(Task data)

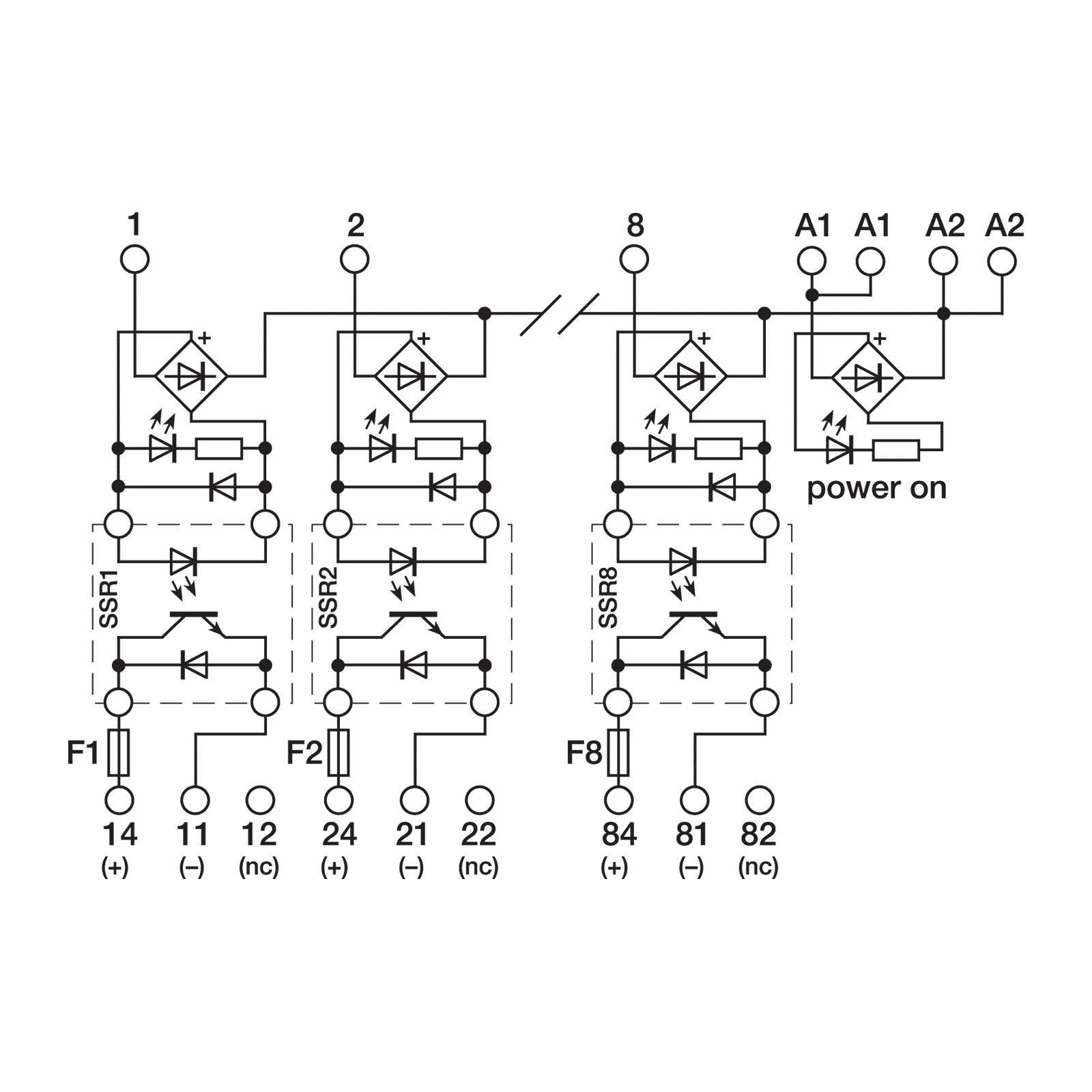 CABUR - Modulo 8 opto 24V/5-50VDC + 8 rele optoisolati 24Vdc/2A con fusibile. XR081S24F
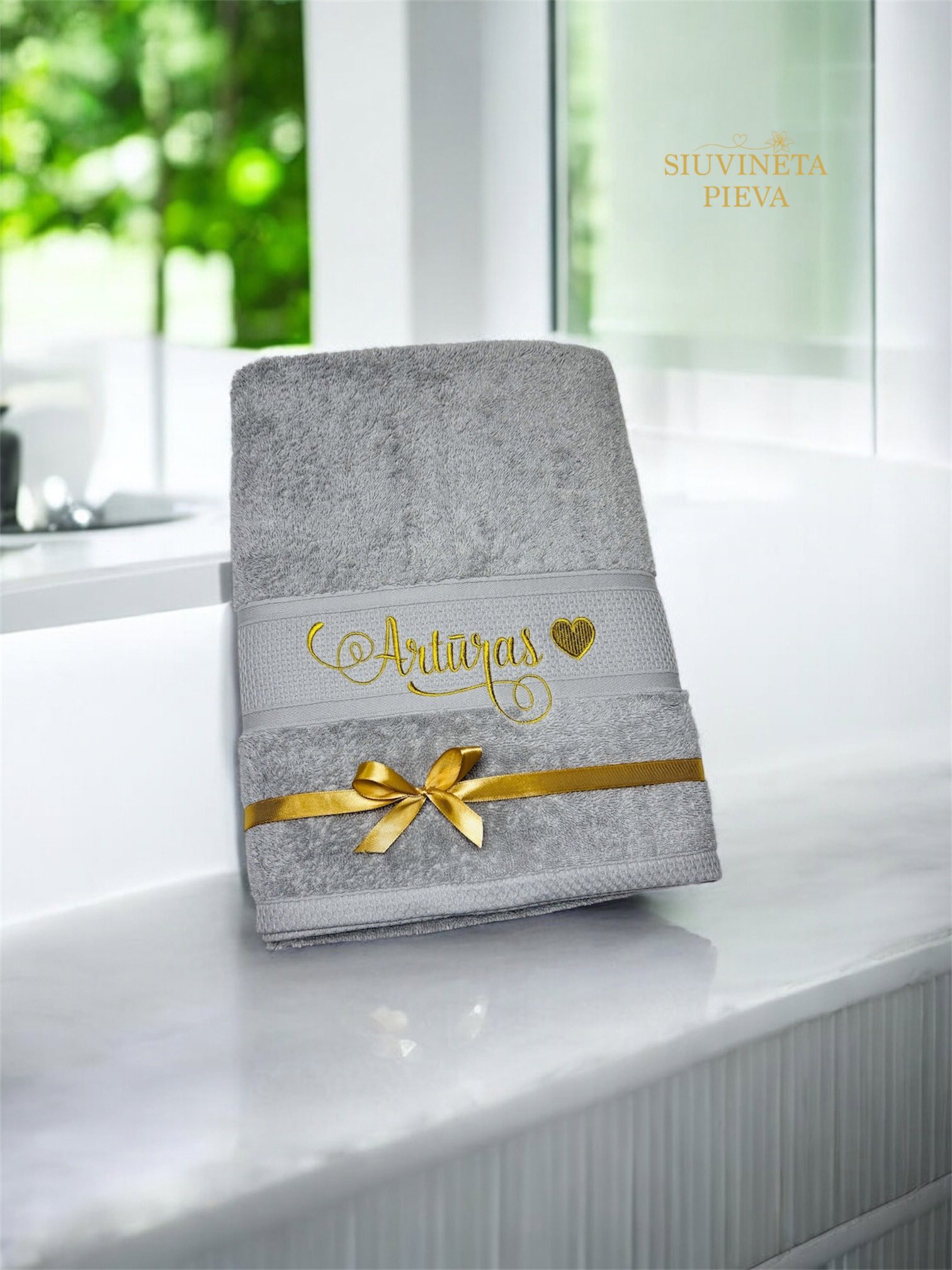 Vonios rankšluostis, išsiuvinėtas Jūsų pasirinktu vardu ir širdele.
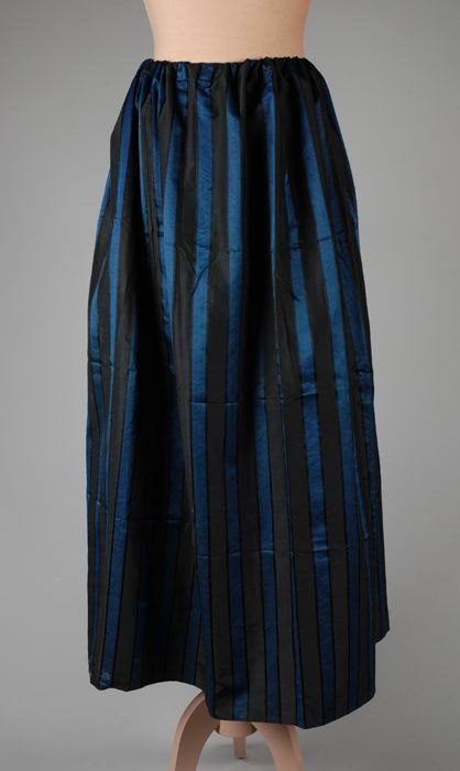 Schort of tablier van blauw-zwart gestreept zijde
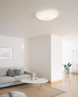 寸法:径φ630 高120 重量:2.7kg 材質:●フロストアクリル(模様入) 総W数:114W 省エネ達成率:1.19 ランプ名称:長寿命丸形蛍光灯FHC(48W+38W+28W) ランプ本数:3本 光源色:昼白色 傾斜取付45°可能
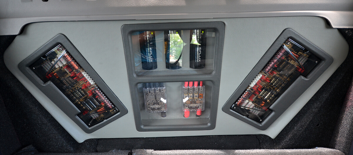 Pemain utama kereta ini ialah Alpine IVA-520E, pemain 2-din dengan fungsi media DVD dan skrin sesentuh ini menerima pemproses Alpine PXA-H800 sebagai pelaras premier. Susunan pembahagian laluannya dibuat dengan 3 aliran utama iaitu frekuensi rendah, sederhana dan tinggi serta frekuensi di bawah 60dB untuk woofer. Untuk tujuan tersebut, 3 unit amplifier Flux dipasangkan dengan kemas di bahagian but belakang dengan penutupan gelas PVV, sedikit pelapik arkilik dan sebaran lampu LED. Amplifier 2 channel, 4 channel dan seunit amplifier monoblok ini memenuhi ruang but belakang dengan penampilan yang menarik.
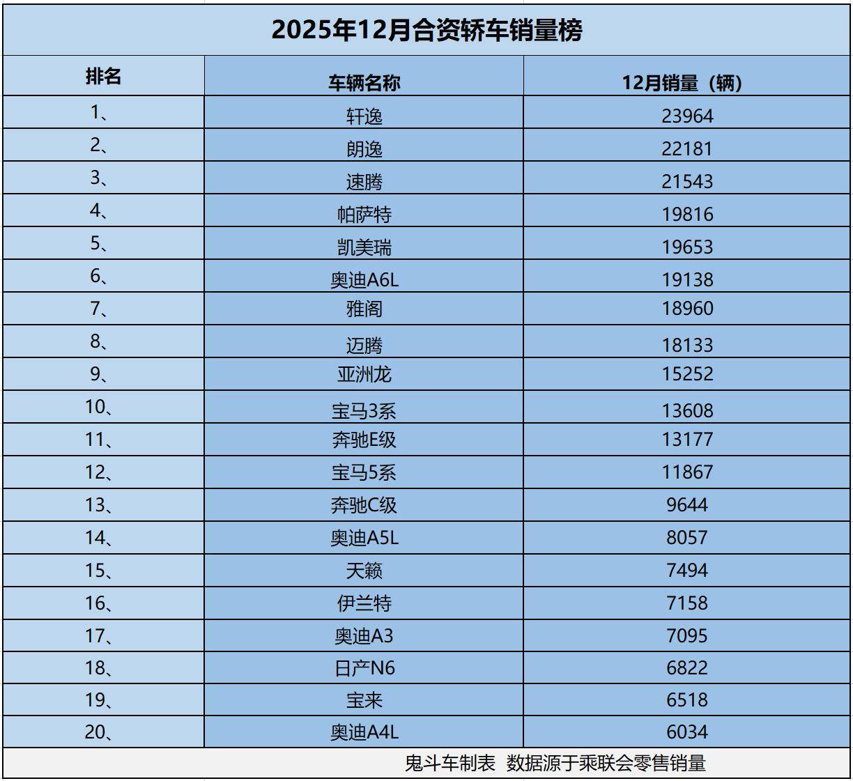 在流量至上的汽車市場環境中,部分品牌憑借話題熱度迅速躥紅,但市場表現終究要靠銷量說話。以合資品牌為例,盡管近年來在網絡聲量上略顯弱勢,實際銷售數據卻展現出強勁韌性,多款經典車型持續占據銷量榜單前列。乘聯會最新發布的零售數據顯示,2025年12月合資轎車市場共有12款車型銷量突破萬輛大關,其中德系與日系品牌包攬了前六席位。

(End Task data)

◆ Description of the task ◆
Exactly repeat every line from the line that includes "寸法:径φ630 高120 重量:2.7kg" to the end of the listing, and nothing else, leaving pictures out.

◆ Your solution ◆
 寸法:径φ630 高120 重量:2.7kg 材質:●フロストアクリル(模様入) 総W数:114W 省エネ達成率:1.19 ランプ名称:長寿命丸形蛍光灯FHC(48W+38W+28W) ランプ本数:3本 光源色:昼白色 傾斜取付45°可能
 Pemain utama kereta ini ialah Alpine IVA-520E, pemain 2-din dengan fungsi media DVD dan skrin sesentuh ini menerima pemproses Alpine PXA-H800 sebagai pelaras premier. Susunan pembahagian laluannya dibuat dengan 3 aliran utama iaitu frekuensi rendah, sederhana dan tinggi serta frekuensi di bawah 60dB untuk woofer. Untuk tujuan tersebut, 3 unit amplifier Flux dipasangkan dengan kemas di bahagian but belakang dengan penutupan gelas PVV, sedikit pelapik arkilik dan sebaran lampu LED. Amplifier 2 channel, 4 channel dan seunit amplifier monoblok ini memenuhi ruang but belakang dengan penampilan yang menarik.
 在流量至上的汽車市場環境中,部分品牌憑借話題熱度迅速躥紅,但市場表現終究要靠銷量說話。以合資品牌為例,盡管近年來在網絡聲量上略顯弱勢,實際銷售數據卻展現出強勁韌性,多款經典車型持續占據銷量榜單前列。乘聯會最新發布的零售數據顯示,2025年12月合資轎車市場共有12款車型銷量突破萬輛大關,其中德系與日系品牌包攬了前六席位。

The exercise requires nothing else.